Food Law: Lasting solutions to solving import rejections
When a shipment is rejected at the border, the clock starts ticking as storage fees accumulate and delays risk disrupting carefully planned logistics. Finding the right solution often involves co-ordinating with multiple providers and regulators to determine the root cause and fix the issue.
When foods are imported into Canada, CFIA receives commercial import data electronically from Canada Border Services Agency (CBSA) via the CBSA’s Single Window Initiative (SWI) – Integrated Import Declaration (IID). SWI streamlines the sharing of commercial import data between the import community and the Government of Canada. Participating government departments and agencies rely on IID data to validate import information and to ensure requirements are being met.
The information conveyed through SWI is intended to satisfy a variety of legislative regimes. As such, service options must accommodate complex and, sometimes, disparate regulatory requirements.
Two recent issues demonstrate the importance of co-ordination among regulators and the import community.

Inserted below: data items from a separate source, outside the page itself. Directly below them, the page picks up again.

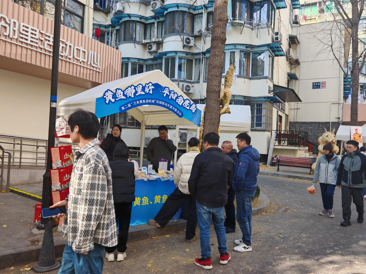 浙江在线12月16日讯(通讯员 徐斌)冬日暖阳透过金黄的银杏叶,洒在杭州市上城区后市街社区熙熙攘攘的人群间,空气中也弥漫着大黄鱼的鲜香。近日,由杭州市上城区清波街道与温州市平阳县联合举办的“万条黄鱼游杭城”双城联动共富市集在后市街社区的银杏林下热闹开市。
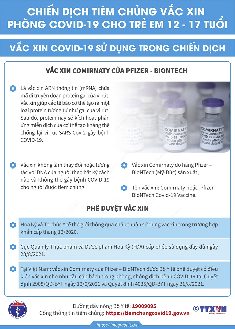 Vắc xin Comirnaty của Pfizer-BioNTech sử dụng trong chiến dịch tiêm chủng phòng COVID-19 cho trẻ em 12-17 tuổi do Mỹ-Đức sản xuất. Vắc xin không làm thay đổi hoặc tương tác với DNA của người theo bất kỳ cách nào và không thể gây bệnh COVID-19 cho người được tiêm chủng.
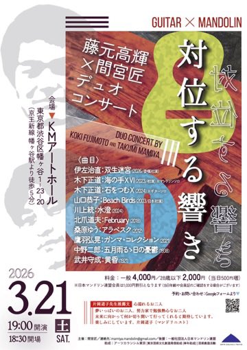 2026年3月21日 藤元高輝×間宮匠デュオコンサート「対位する響き」 コメントを残す 藤元高輝×間宮匠デュオコンサート「対位する響き」 日時:2026年3月21日(土)19:00開演 会場:KMアートホール 料金:一般¥4,000 / 28歳以下¥2,000(日本マンドリン連盟会員は1,000円割引) <出演> 藤元高輝(クラシックギター) 間宮匠(マンドリン) 参加しています
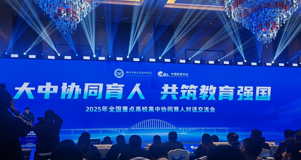 2025年4月10日,全国重点高校高中协同育人对话交流会在潍坊举办,来自全国各省市教育主管部门相关负责人,以及200余所高校、高中代表和教育界专家学者300余人参会。大会以“大中协同育人 共筑教育强国”为主题,围绕拔尖创新人才培养、大中教育衔接、数智赋能教育等议题进行了深入探讨,共同推动教育强国建设。KY官网陈乃建、葛荣雨两位教授全程参与了此次交流活动,并围绕相关议题开展研讨。
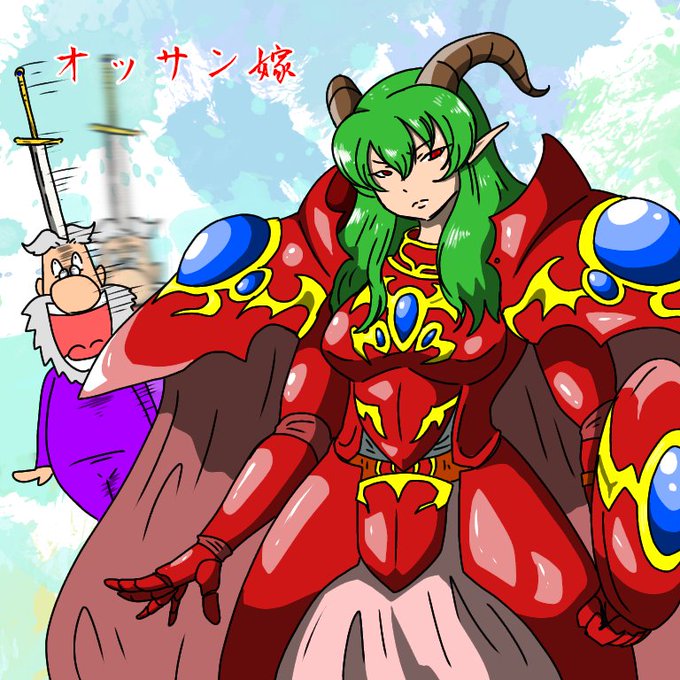 気まぐれにオッサン嫁を描いてみた。他人様のオリジナル嫁キャラを描くとなると、自分ごときが描くことで汚すことにならないかと不安になる。…まぁたぶんオッサンこれ見ないから大丈夫かな。うん。#いい大人達
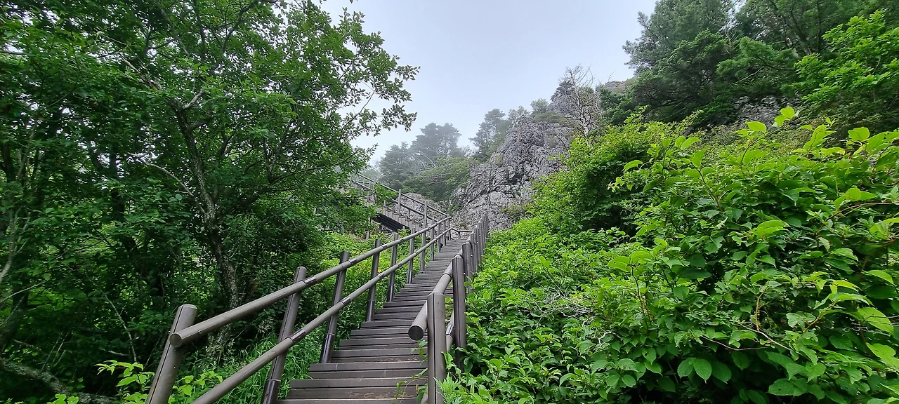 이른 아침 산행 대열에 끼여서 거의 걸었던 길은 밤의 어두움 속에서 아무것도 볼 수 없었으나 오늘은 구름 속에서 멀리는 보이지 않지만 내 주변은 볼 수 있다.
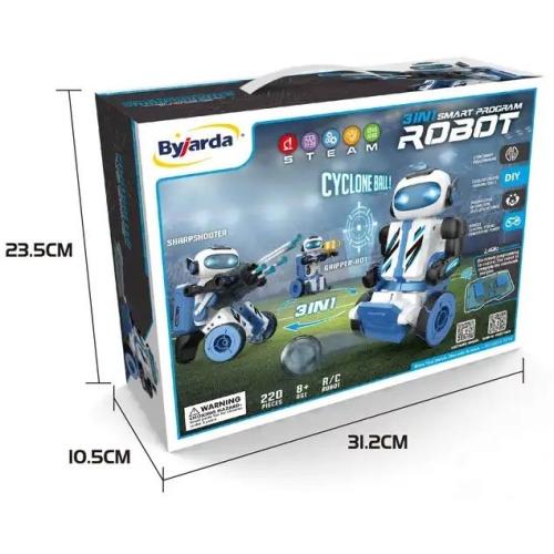 Електронен конструктор BoyBot 3в1 е комплект за сглобяване на един от три модела: разносвач, снайперист или футболист. Всеки робот изпълнява свое собствено уникално действие.
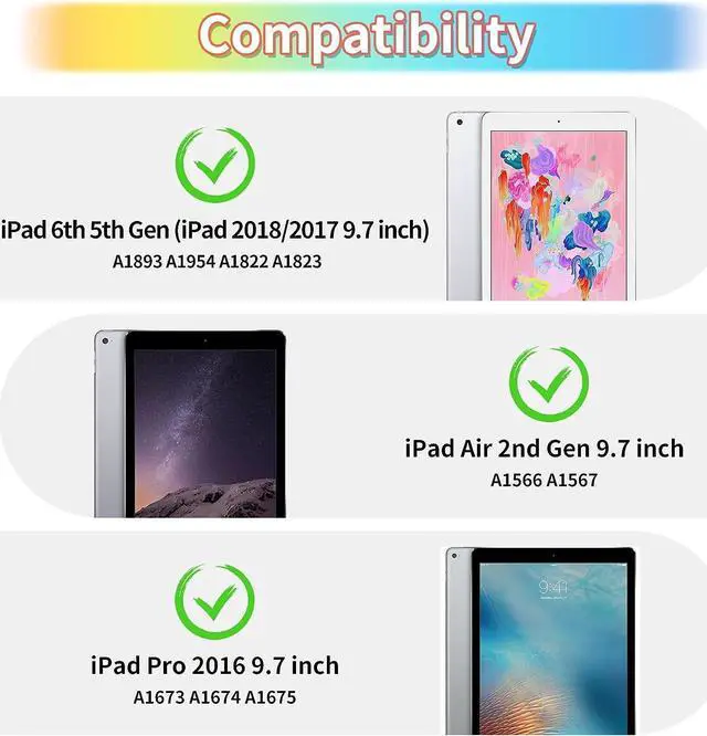 Compatible ModelDesigned for iPad 6th generation 2018Model: A1893 A1954), iPad 5th generation 2017 (Model: A1822 1823), iPad Air 2nd generation 2014 (Model: A1566, A1567) and iPad Pro 2016 (Model: A1673 A1674 A1675) 9.7 inch. Please confirm your iPad model before you order this case.This product includes 1x tablet case, 1x shoulder strap, 1x screen protector and 1x keychain.
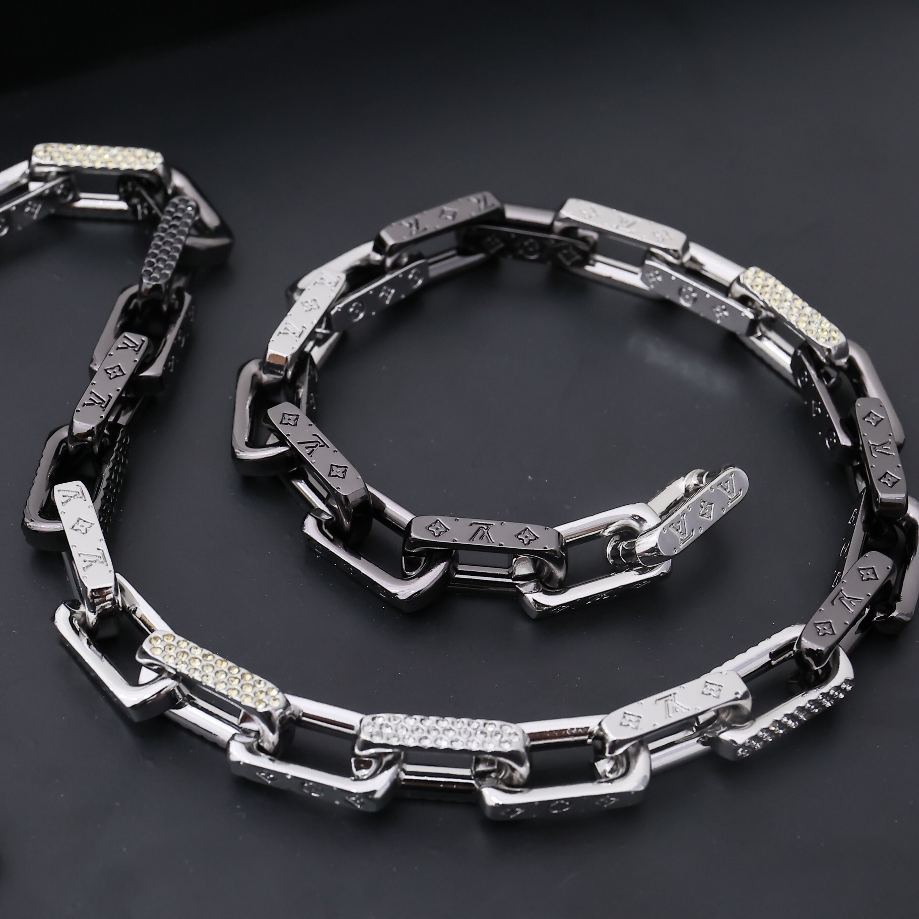 Louis Vuitton Black Chain - The Louis Vuitton Silver Black Chain Necklace is a stunning piece of jewelry that combines the iconic Louis Vuitton monogram with a modern, edgy design. This necklace features a unique triangular shape formed by interlocking silver and black chain links, creating a bold and sophisticated look. The meticulous craftsmanship and attention to detail make it a true statement piece for any fashion enthusiast. The contrasting colors and geometric design add a touch of contemporary flair, making it a versatile accessory that can elevate both casual and formal outfits. This necklace is more than just an accessory; it's a symbol of luxury and style, reflecting the timeless elegance of the Louis Vuitton brand. The Louis Vuitton Silver Black Chain Necklace is designed to capture attention and showcase your impeccable taste.
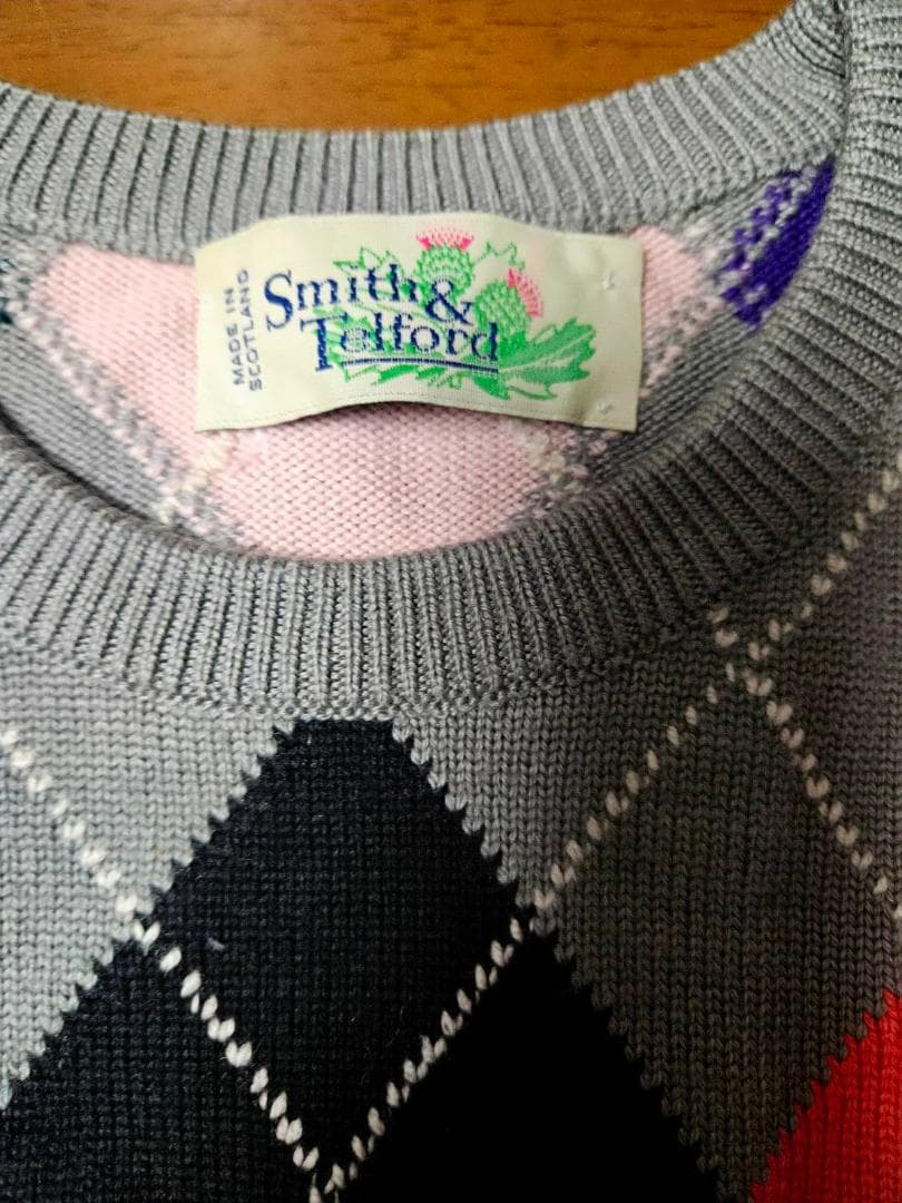 送料無料/美品スコットランド製マルチカラーGOLFニットセーター

Declaring Importer of Record and SFC Licensed Importer
As food distribution becomes increasingly global, so do the legal entities involved in delivering food to Canadians. Whether due to tax, commercial or residency requirements, there are many legal reasons why the Importer of Record declared for customs purposes may be a different legal entity than the SFC Licenced Importer. However, current IID data fields do not provide a method by which to declare an SFC Licenced Importer specifically. This lack of functionality presents an issue as the Safe Food for Canadians Regulations (SFCR) require importers to declare the name and address of the SFC Licensed Importer as well as the licence number. In cases where the Importer of Record and the SFC Licensed Importer are different entities, there is no way to communicate this information via IID. Further, the discrepancy has been noted by CFIA as a possible non-compliance (i.e. erroneously suggesting the wrong SFC licence number had been declared).
The CFIA has taken action to address this issue, and is in the process of reviewing IID data fields to determine how best to capture the name and address of the SFC Licenced Importer. In the meantime, CFIA has confirmed the declaration of the SFC licence number will be sufficient to allow CFIA to access the associated name and address of the SFC Licensed Importer for the purpose of SFCR.
Solution for HS codes shared by foods and NHPs
Last December, our colleague Dr. Jon-Paul Powers wrote in this column about the confusion and delays experienced by importers of natural health products (NHPs) whose shipments were being automatically rejected at the border for failure to enter an SFC licence. The import issues arose due to the Automated Import Reference System (AIRS) linking certain HS codes with the requirement for an SFC licence. In fact, the system was not implemented in a manner that recognized that in some cases, the same HS code can apply to a food or an NHP. Specifically, when there is a regulatory jurisdictional overlap in relation to an HS code, the SWI system necessitates the import requirements be satisfied for all applicable programs. For NHPs, this meant forcing the declaration of an SFC licence, even though the import of an NHP, a subset of drugs, must occur via a site licence, not a food licence.
Resolving this issue involved co-ordination with both Health Canada and CFIA. Requests were made to add affected HS codes to Health Canada’s Regulated Commodities Data Element Matching Criteria for NHPs, and CFIA updated AIRS to include an “Other End Use” exemption such that the other government department regulating the goods can be identified.
Moving forward, Health Canada intends to co-ordinate with CBSA and CFIA to ensure exemption codes are available for any potentially new overlapping HS codes added to the Data Matching tables. Industry is encouraged to reach out and bring affected HS codes to Health Canada’s attention.
Rejected shipments lead to delays and costs. This increases the pressure on businesses to implement a “quick fix” rather than investigate and resolve the root cause. However, certain actions can trigger unintended legal consequences.